In current GWAS, SNPs but not indels are interrogated. Therefore, it is unknown to what extent indel cis-eQTLs can tag the GWAS association signals. It was suggested that indels cis-eQTLs are more likely to be functional than SNPs cis-eQTLs22,23. Thus, we searched for indel cis-eQTLs in high LD with these GWAS eSNPs. At the cis-eQTL cutoff P value < 10−2, 1,282 indel cis-eQTLs are in high LD (r2 ≥ 0.7) with 1,007 SNP cis-eQTLs (21.7.6%) out of 4,643 GWAS eSNPs. A total of 688 indel cis-eQTLs display perfect LD (r2 = 1) with 582 SNP cis-eQTLs in at least one population, which accounts for 12.5% of all GWAS eSNPs.

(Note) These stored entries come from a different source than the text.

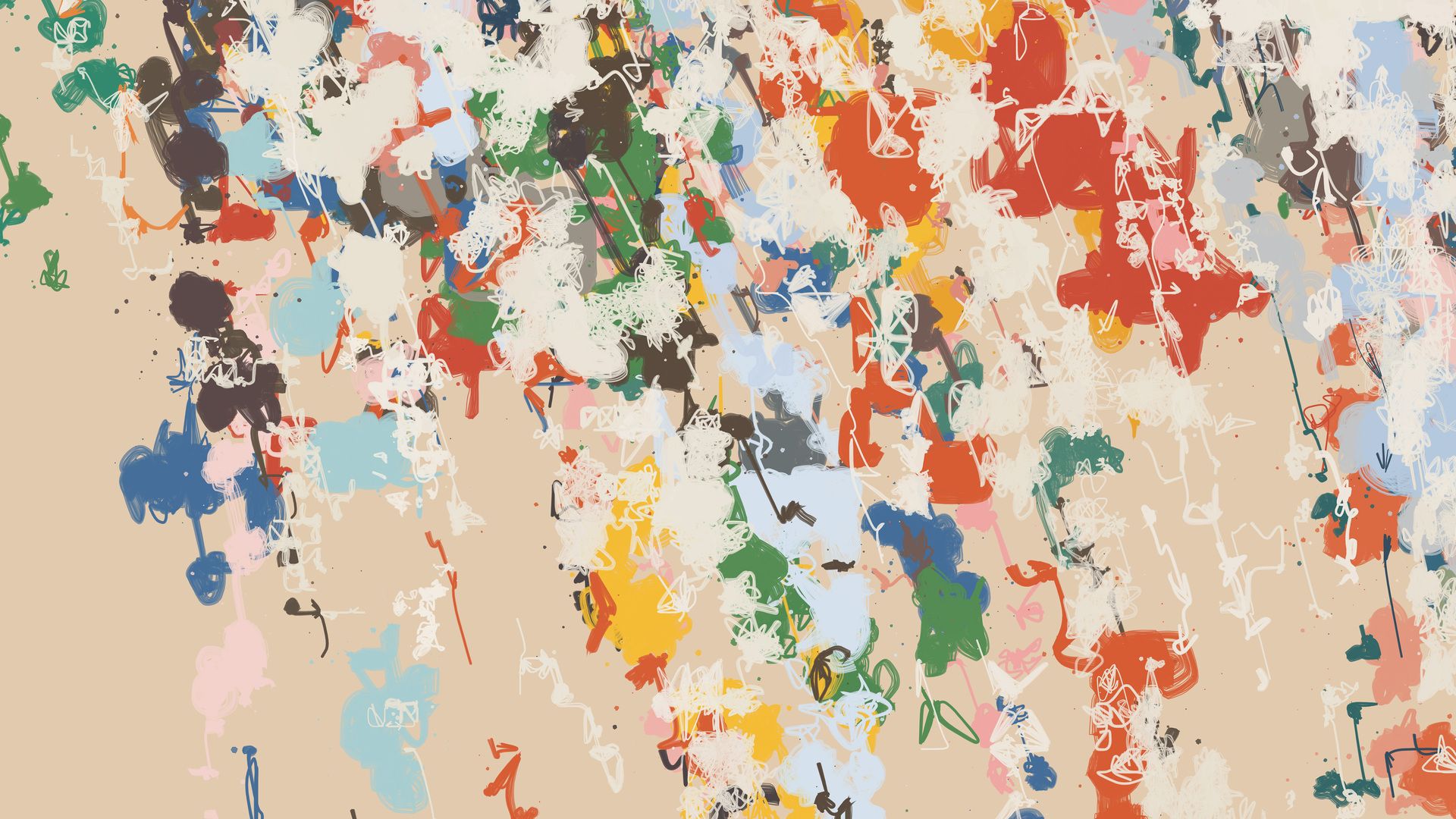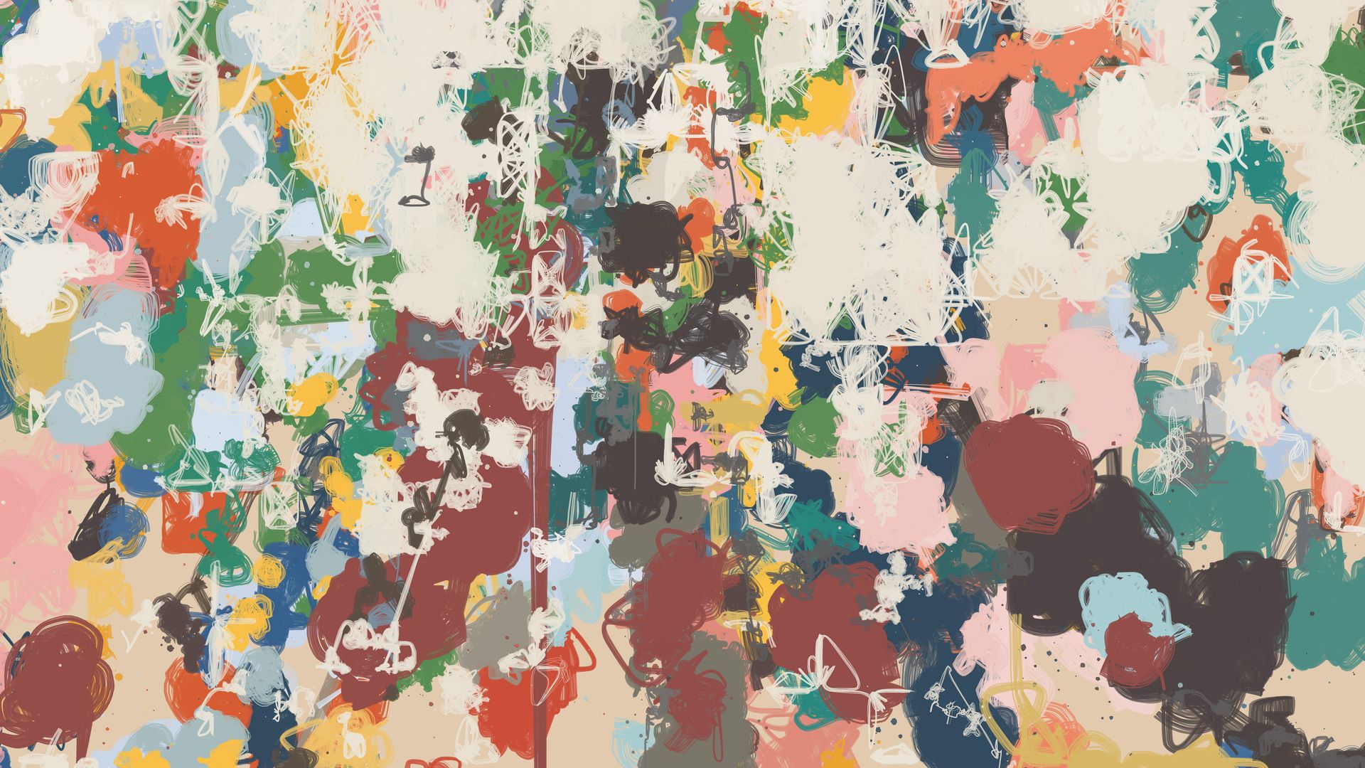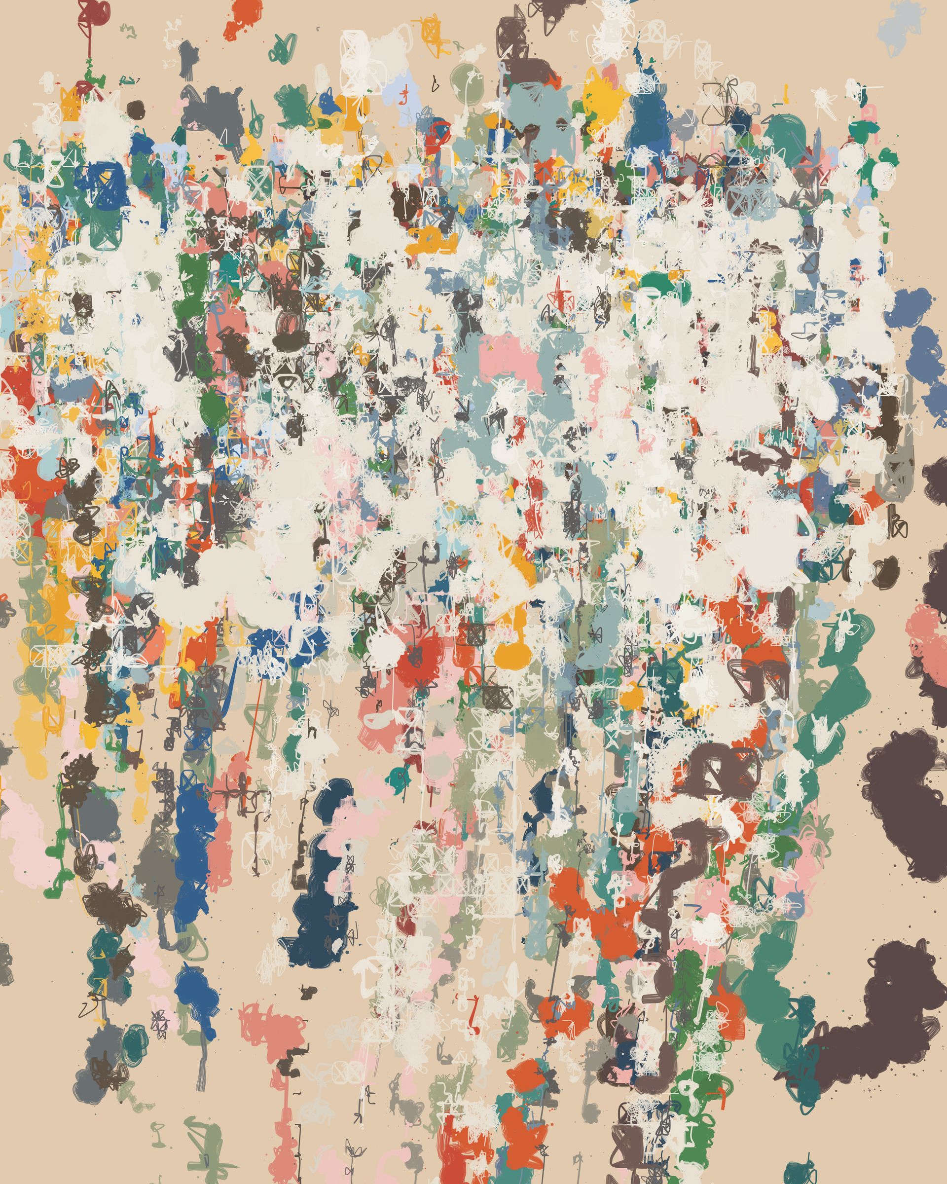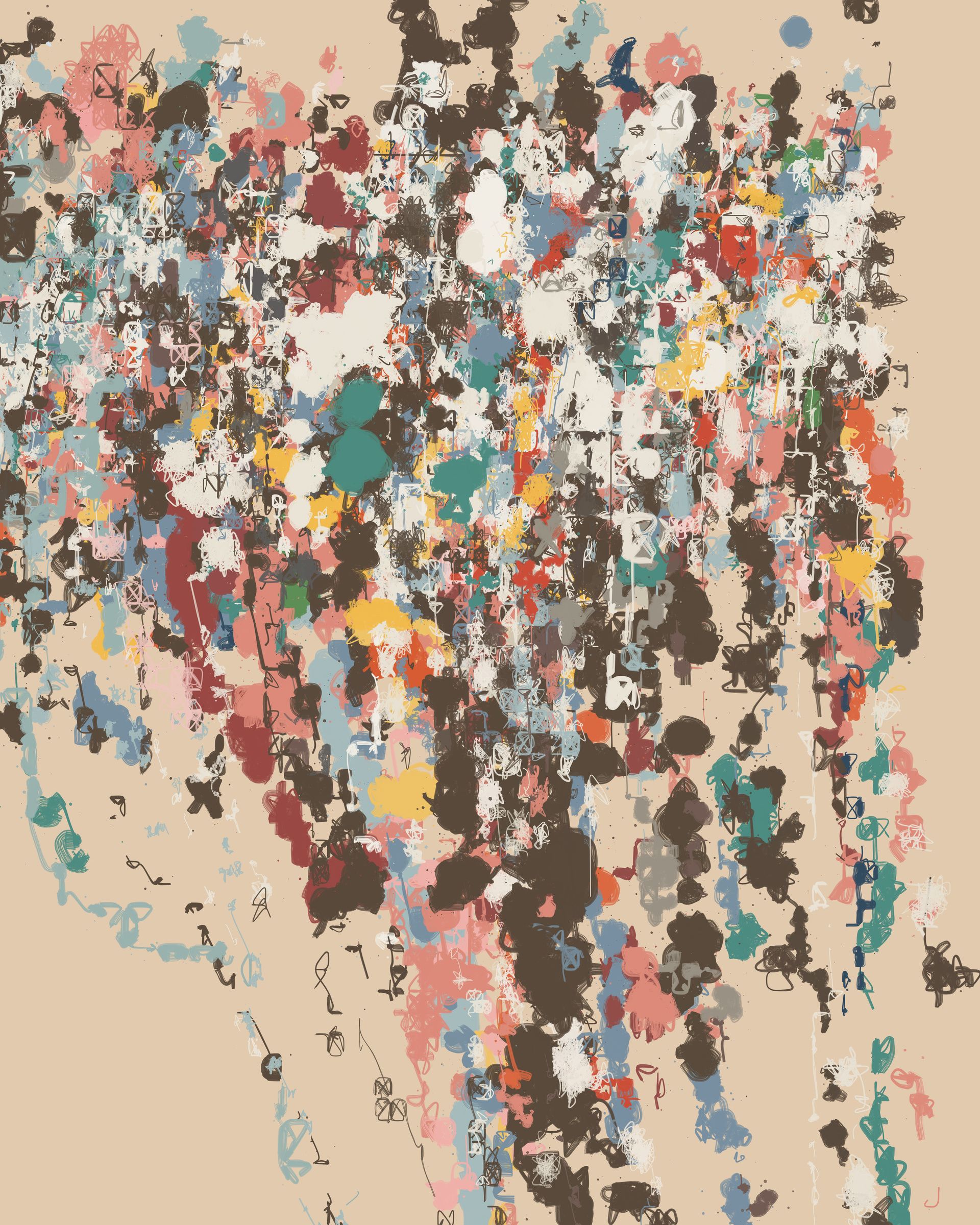 This work was inspired not only by the work of Mitchell and Twombly, but also by the density and chaos of urban graffiti and sticker spots. In those locations where scores of tags or hundreds of stickers compete for the same small piece of real estate, the aesthetic can somehow transcend its early state of noise and disorder, unexpectedly reaching a state of complex harmony. The lack of overall design seems to promote a type of anarchistic equality, with all of the different visual elements similarly jostling for attention. Each mark had its color chosen independently from the rest, without consideration for potential clashes. And yet, as the clashes stack up, their individual importance eventually dissolves away. To stand out is to fit in.
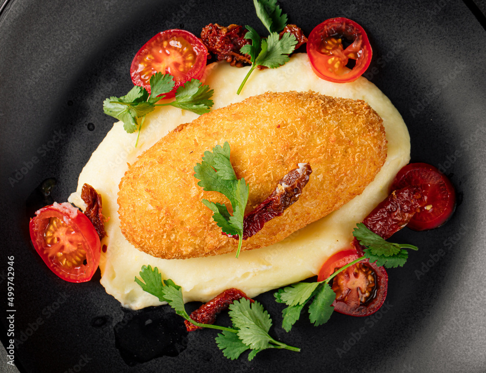 Obraz na plátně Gourmet chicken kiev cutlet with mashed potato
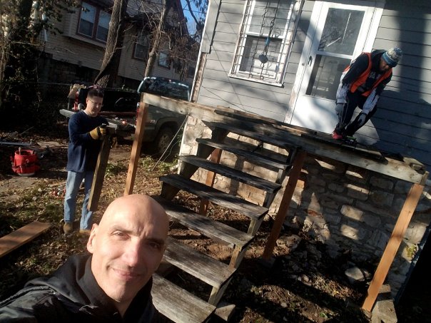 After volunteering I headed out to help re-build a deck with Tom G and Alain. Tom and I have known each other for some time, all of our kids went to school together and he and his wife are awesome. Alain is one of our contractors and has been in the states for about a year. He is originally from Cameroon, when he got to Kansas City I worked with him to get all of his stuff together and some medical help. He also stayed with me for a few months. I am also helping him send a container over to Africa and we will be going there in February to receive it. That will be a fun blog to write. Below is Tom, Alain and I. these are very good men that I completely trust and have faith in. If I was ever to need anything at anytime, I know they would be there.
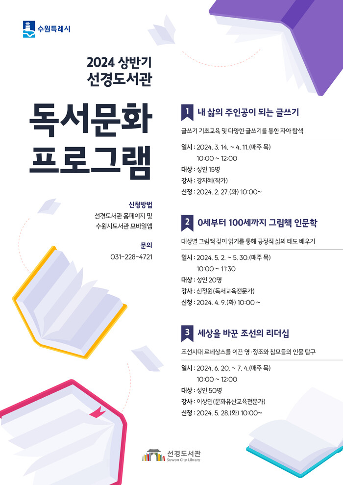 수원시 선경도서관이 독서문화프로그램 ‘내 삶의 주인공이 되는 글쓰기’, ‘0세부터 100세까지 그림책 인문학’, ‘세상을 바꾼 조선의 리더십’에 참가할 시민을 모집한다.
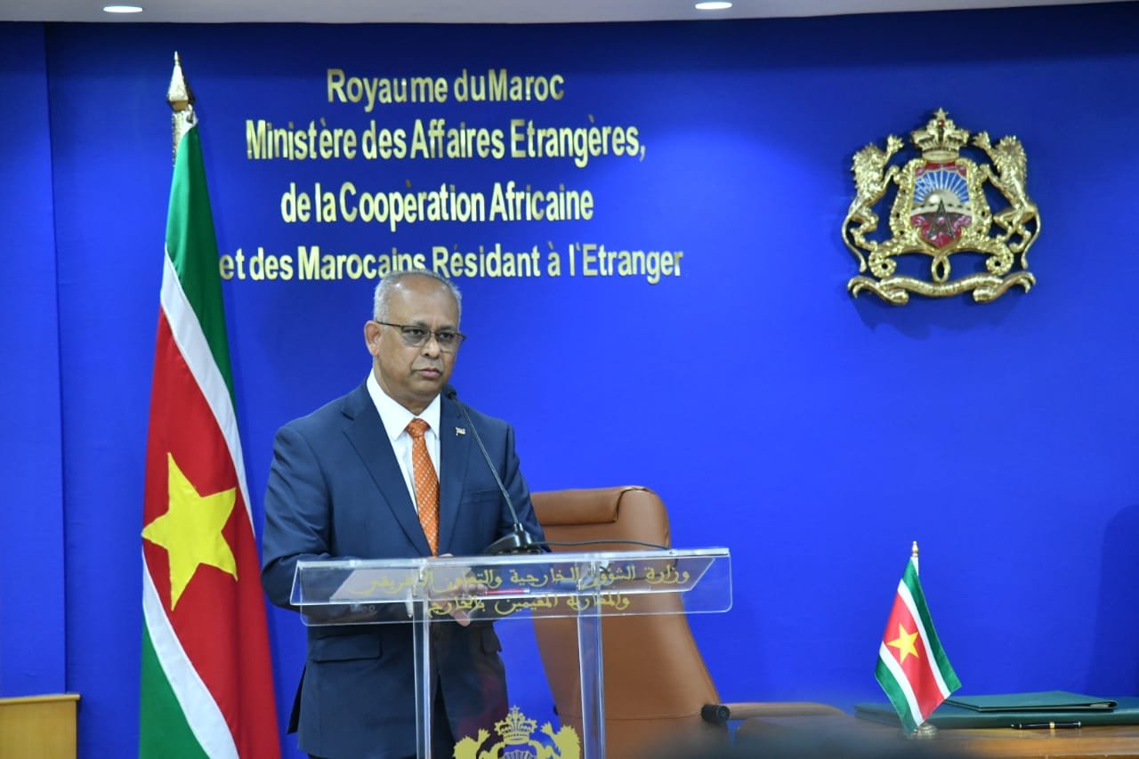 كما أعرب رئيس الدبلوماسية السورينامية عن دعمه القوي لسيادة المغرب على صحرائه ووحدته الترابية.
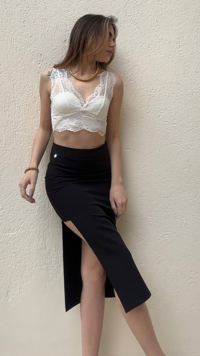 Gonna corta elasticizzata, chiusura con cerniera sul retro, ampio spacco laterale squadrato
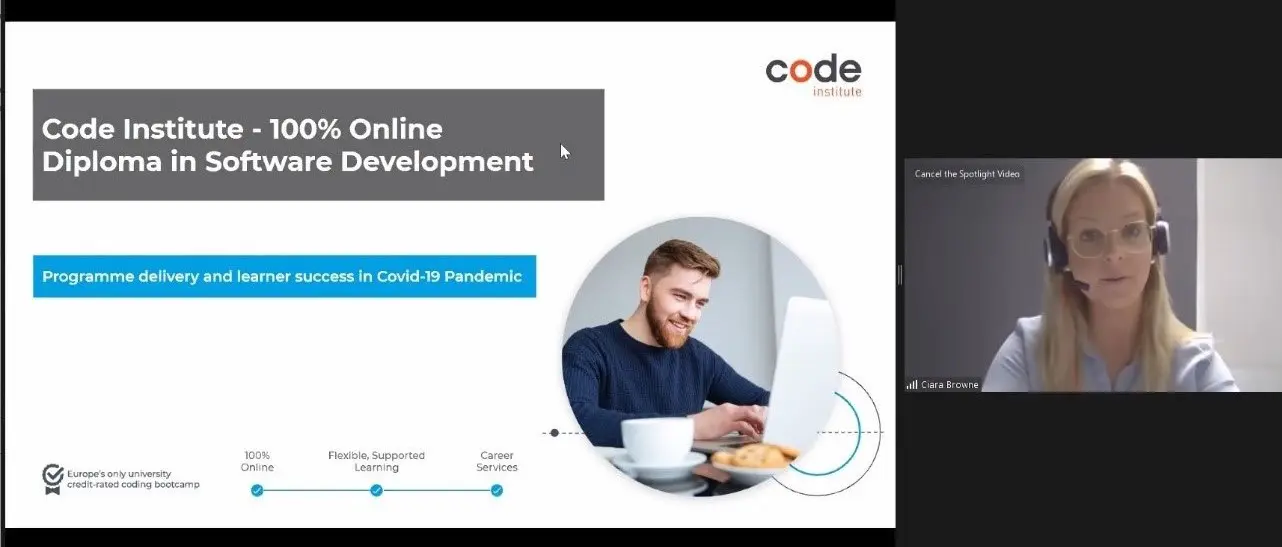Ciara Browne is the Student Recruitment Manager for the Code Institute. Ciara outlined how some of the biggest accounts she manages involve provision that is funded by an Education and Training Board, and Springboard.

Taken together, we demonstrated that SNP and indel cis-eQTLs are significantly enriched around TSS, where population-shared cis-eQTLs display more intensive enrichment than population-specific cis-eQTLs. Furthermore, around one third of the NHGRI cataloged GWAS SNPs are cis-eQTLs in our LCL cis-eQTLs database, which are associated with more than three quarters of investigated human diseases and traits. A substantial proportion of these GWAS eSNPs can be tagged by indel cis-eQTLs, suggesting that indel cis-eQTLs may fundamentally contribute to the GWAS association signals.
PExFInS: A pipeline searching for functional variants
Based on the above findings, cis-eQTLs, especially the previously neglected indel cis-eQTLs, are literally important taggers for GWAS SNPs. Therefore, integrating SNP cis-eQTLs and indel cis-eQTLs with GWAS SNPs could facilitate the identification of causal variants or causal genes. Meanwhile, the functional information encoded by GWAS SNPs and their taggers, such as regulatory features from the Ensembl regulatory database, will be conducive to the discovery of functional or causal variant(s) for human diseases. We developed a pipeline, PExFInS to integrate the newly-generated LCL cis-eQTL data, as well as publicly available cis-eQTL datasets derived from lung tissues24, liver tissues14, human monocytes25, dendritic cells26 and blood27. Additionally, splicing cis-eQTLs and protein cis-eQTLs generated in LCLs28,29 have also been incorporated into the pipeline.
PExFInS can be utilized to search for high LD variants, including SNPs and previously unexplored indels, with user-queried SNPs using the genotyping data from the 1 KG data of phase 1 release (1,092 individuals) or the latest phase 3 release (2,504 individuals). The high LD variants are then mapped to cis-eQTLs and Ensembl regulatory regions, thereby the functional relevance of user-queried SNPs can possibly be revealed. The strategy is illustrated in Fig. 4. The high LD variant 3 localized in an Ensembl regulatory region and also a LCL cis-eQTL can be prioritized as a potentially functional variant, which can tag the GWAS SNP of interest and be brought forward for replication in another cohort. Additionally, the gene whose expression is correlated with genotypes of variant 3 can be applied for functional validation in molecular biology or cellular biology studies.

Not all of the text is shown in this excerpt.